>>>

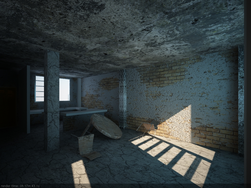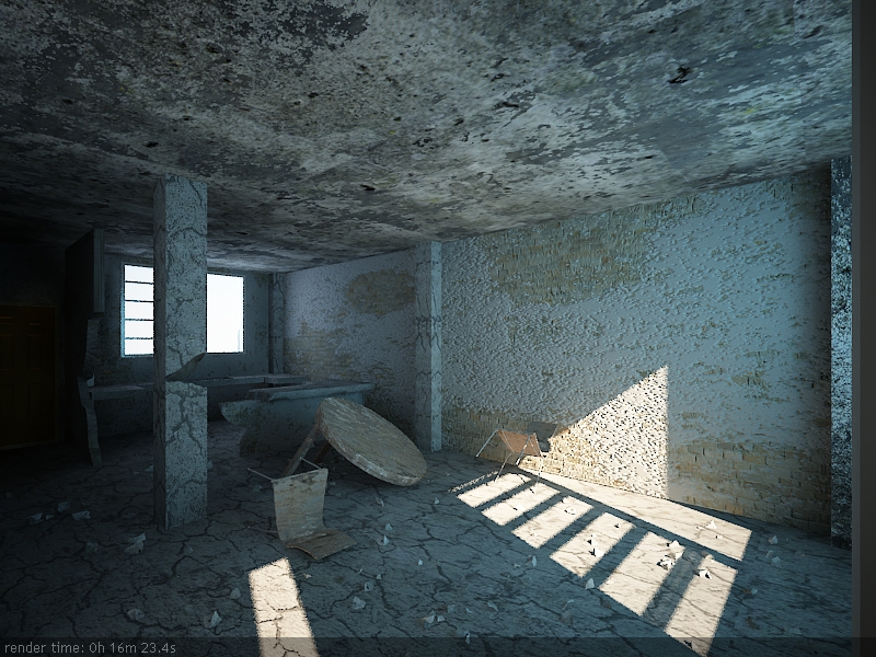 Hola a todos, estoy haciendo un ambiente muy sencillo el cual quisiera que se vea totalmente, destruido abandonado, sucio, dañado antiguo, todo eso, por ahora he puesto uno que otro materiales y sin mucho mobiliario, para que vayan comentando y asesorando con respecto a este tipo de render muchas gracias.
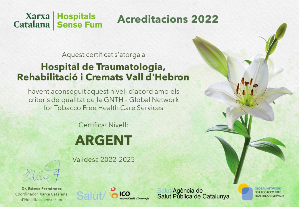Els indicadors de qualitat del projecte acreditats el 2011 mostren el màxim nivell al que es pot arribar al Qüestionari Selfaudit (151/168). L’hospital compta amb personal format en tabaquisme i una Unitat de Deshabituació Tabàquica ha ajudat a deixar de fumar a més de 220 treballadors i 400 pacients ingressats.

<<<
>>>

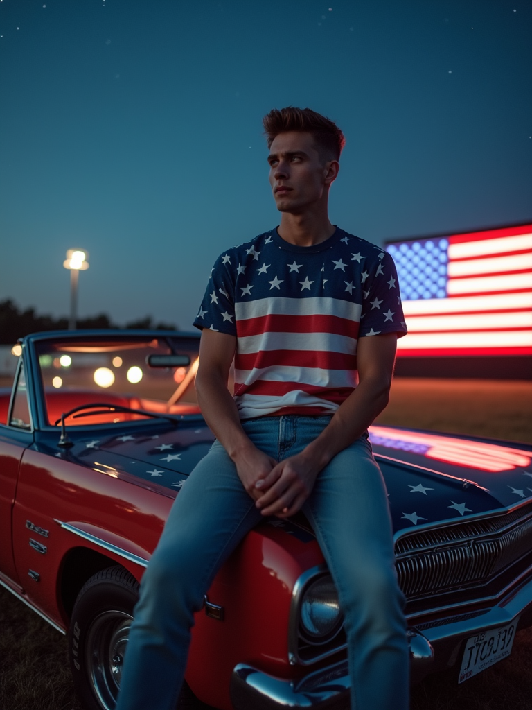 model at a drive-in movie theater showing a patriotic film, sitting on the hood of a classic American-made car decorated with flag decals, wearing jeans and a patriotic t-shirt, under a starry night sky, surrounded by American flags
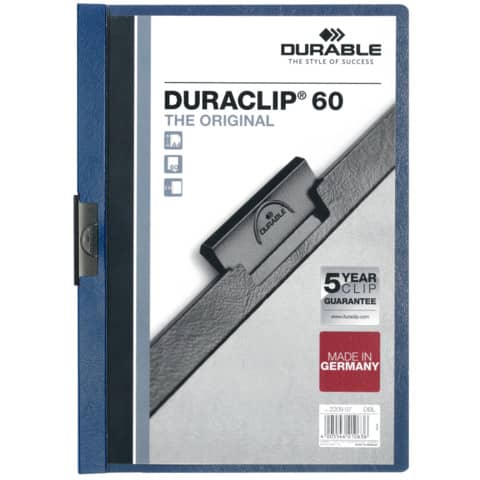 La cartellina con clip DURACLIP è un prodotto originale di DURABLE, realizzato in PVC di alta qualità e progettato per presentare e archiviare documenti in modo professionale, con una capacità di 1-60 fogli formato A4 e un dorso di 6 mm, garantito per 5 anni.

<<<
>>>

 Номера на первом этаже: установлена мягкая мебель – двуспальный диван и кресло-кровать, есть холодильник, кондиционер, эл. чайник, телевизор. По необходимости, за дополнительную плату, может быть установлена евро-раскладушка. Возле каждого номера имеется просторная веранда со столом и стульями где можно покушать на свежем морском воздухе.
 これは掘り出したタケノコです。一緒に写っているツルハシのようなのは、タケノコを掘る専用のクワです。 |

<<<

Extract, without any images, the part of the material above that opens with the line containing "Hola a todos, estoy" and closes with the line containing "Els indicadors de", both lines included.

 Hola a todos, estoy haciendo un ambiente muy sencillo el cual quisiera que se vea totalmente, destruido abandonado, sucio, dañado antiguo, todo eso, por ahora he puesto uno que otro materiales y sin mucho mobiliario, para que vayan comentando y asesorando con respecto a este tipo de render muchas gracias.
Els indicadors de qualitat del projecte acreditats el 2011 mostren el màxim nivell al que es pot arribar al Qüestionari Selfaudit (151/168). L’hospital compta amb personal format en tabaquisme i una Unitat de Deshabituació Tabàquica ha ajudat a deixar de fumar a més de 220 treballadors i 400 pacients ingressats.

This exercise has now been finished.